Wall Street had expected earnings per share of $1.49 for the year, according to First Call. In July, McDonald's had forecast 2002 earnings per share of $1.47 to $1.53, excluding the first-quarter charges.


The outlook indicates McDonald's will revert to a string of earnings declines over the past two years. The company reported six straight quarters of earnings declines until July, when earnings were helped by a strong U.S. dollar and lower costs.

In the United States, McDonald's said sales in restaurants open for more than one year -- a key measure of restaurant performance -- fell 2.7%. In Europe, same-store sales declined 0.7%, said executives in the conference call.

McDonald's attributed its outlook on weaker-than-expected sales in Germany, where the economy continues to contract, and in the United Kingdom, where retail sales have slowed.

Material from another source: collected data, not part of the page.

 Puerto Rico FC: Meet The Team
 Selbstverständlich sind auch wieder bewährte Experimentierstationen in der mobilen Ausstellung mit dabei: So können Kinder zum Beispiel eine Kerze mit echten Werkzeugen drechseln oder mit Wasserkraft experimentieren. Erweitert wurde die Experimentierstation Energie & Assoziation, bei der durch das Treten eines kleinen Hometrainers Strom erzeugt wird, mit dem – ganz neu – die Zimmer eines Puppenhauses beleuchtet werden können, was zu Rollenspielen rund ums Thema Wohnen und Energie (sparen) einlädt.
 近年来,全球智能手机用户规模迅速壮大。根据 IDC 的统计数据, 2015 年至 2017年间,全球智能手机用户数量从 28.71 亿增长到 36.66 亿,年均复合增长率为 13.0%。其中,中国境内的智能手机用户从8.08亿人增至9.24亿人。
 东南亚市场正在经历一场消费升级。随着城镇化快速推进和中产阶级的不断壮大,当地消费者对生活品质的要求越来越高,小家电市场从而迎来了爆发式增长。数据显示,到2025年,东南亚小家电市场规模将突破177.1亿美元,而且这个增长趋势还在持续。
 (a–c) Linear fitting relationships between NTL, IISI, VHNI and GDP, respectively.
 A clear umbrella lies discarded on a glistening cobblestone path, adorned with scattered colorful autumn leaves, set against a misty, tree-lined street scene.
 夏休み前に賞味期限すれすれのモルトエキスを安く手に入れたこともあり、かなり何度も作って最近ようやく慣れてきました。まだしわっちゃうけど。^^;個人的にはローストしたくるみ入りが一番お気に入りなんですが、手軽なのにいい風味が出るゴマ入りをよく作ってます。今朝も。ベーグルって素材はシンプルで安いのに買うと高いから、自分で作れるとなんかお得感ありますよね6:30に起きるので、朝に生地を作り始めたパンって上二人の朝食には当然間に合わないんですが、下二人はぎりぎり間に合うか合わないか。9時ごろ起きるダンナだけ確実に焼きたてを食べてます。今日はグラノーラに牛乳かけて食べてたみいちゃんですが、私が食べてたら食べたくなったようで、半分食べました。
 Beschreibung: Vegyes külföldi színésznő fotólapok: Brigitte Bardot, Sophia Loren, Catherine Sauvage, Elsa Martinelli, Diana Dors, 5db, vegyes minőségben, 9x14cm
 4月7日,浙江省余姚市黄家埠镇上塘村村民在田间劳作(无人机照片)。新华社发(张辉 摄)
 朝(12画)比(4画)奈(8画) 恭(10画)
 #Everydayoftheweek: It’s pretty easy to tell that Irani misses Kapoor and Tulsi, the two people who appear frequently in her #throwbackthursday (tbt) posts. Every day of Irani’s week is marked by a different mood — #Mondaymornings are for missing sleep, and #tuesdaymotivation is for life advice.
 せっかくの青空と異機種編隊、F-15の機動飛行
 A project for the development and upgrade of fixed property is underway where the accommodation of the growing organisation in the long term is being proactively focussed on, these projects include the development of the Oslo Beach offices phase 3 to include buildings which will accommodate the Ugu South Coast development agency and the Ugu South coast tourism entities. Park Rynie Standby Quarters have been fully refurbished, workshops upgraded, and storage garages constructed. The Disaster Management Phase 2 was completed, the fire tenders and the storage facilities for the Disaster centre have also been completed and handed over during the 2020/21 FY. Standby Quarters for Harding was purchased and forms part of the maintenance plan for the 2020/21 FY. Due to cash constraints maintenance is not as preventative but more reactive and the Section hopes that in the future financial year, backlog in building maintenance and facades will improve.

It also blamed its marketing, which it said had failed to resonate with consumers in those markets as much as it had hoped.

The earnings miss surprised some analysts, particularly since Europe -- where fears of mad cow disease decimated sales last year -- was believed to be on the rebound. Germany, the U.K. and France are McDonald's top three markets in Europe, which accounts for about 35% of total operating income.

"We knew U.S. comparable-store sales would be weak, likely down 2%, but the big negative surprise is Europe, where comparable sales likely fell at least 2%," wrote Lehman Brothers analyst Mitch Speiser in a note to clients, adding that McDonald's "missed big."

McDonald's said it will open fewer than the 1,300 to 1,400 new restaurants it had planned to open this year, said Chief Financial Officer Matthew Paull in the call. At the end of June, McDonald's operated about 30,500 restaurants worldwide, with 13,223 in the United States.